PROBLEM REQUIREMENTS - Give the data again exactly as written, skipping any pictures.

------ DATA PROVIDED

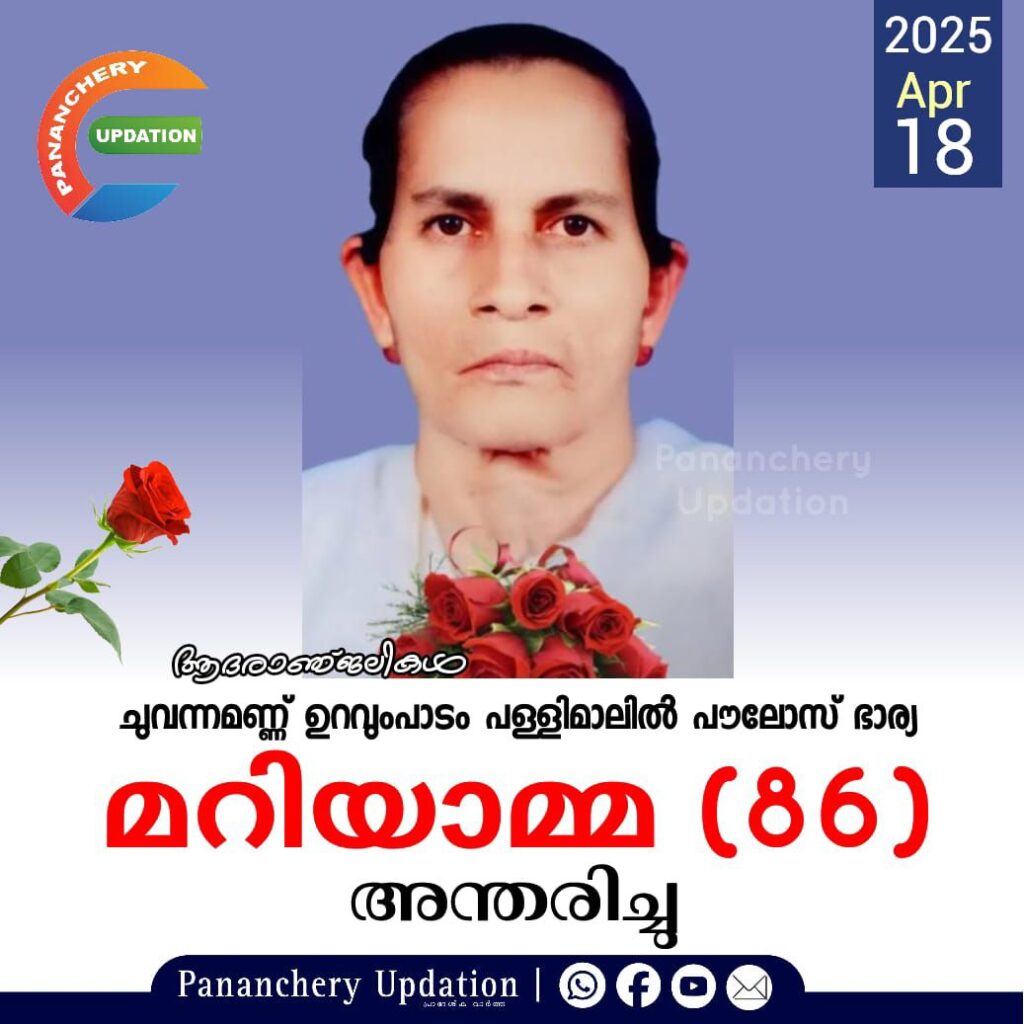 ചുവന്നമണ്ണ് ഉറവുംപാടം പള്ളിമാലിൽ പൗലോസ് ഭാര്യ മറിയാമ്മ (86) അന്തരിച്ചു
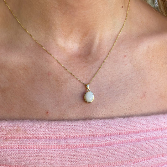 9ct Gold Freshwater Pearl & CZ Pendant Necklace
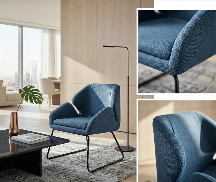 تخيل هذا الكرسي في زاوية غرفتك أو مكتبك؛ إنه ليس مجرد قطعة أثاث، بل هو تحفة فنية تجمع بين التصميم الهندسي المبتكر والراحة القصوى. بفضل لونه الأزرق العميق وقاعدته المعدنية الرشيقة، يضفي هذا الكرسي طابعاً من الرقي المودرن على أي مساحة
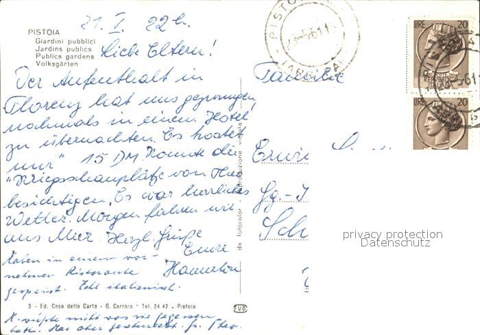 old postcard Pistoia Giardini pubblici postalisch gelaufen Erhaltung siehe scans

------------

EXPECTED ANSWER -
 ചുവന്നമണ്ണ് ഉറവുംപാടം പള്ളിമാലിൽ പൗലോസ് ഭാര്യ മറിയാമ്മ (86) അന്തരിച്ചു
 9ct Gold Freshwater Pearl & CZ Pendant Necklace
 تخيل هذا الكرسي في زاوية غرفتك أو مكتبك؛ إنه ليس مجرد قطعة أثاث، بل هو تحفة فنية تجمع بين التصميم الهندسي المبتكر والراحة القصوى. بفضل لونه الأزرق العميق وقاعدته المعدنية الرشيقة، يضفي هذا الكرسي طابعاً من الرقي المودرن على أي مساحة
 old postcard Pistoia Giardini pubblici postalisch gelaufen Erhaltung siehe scans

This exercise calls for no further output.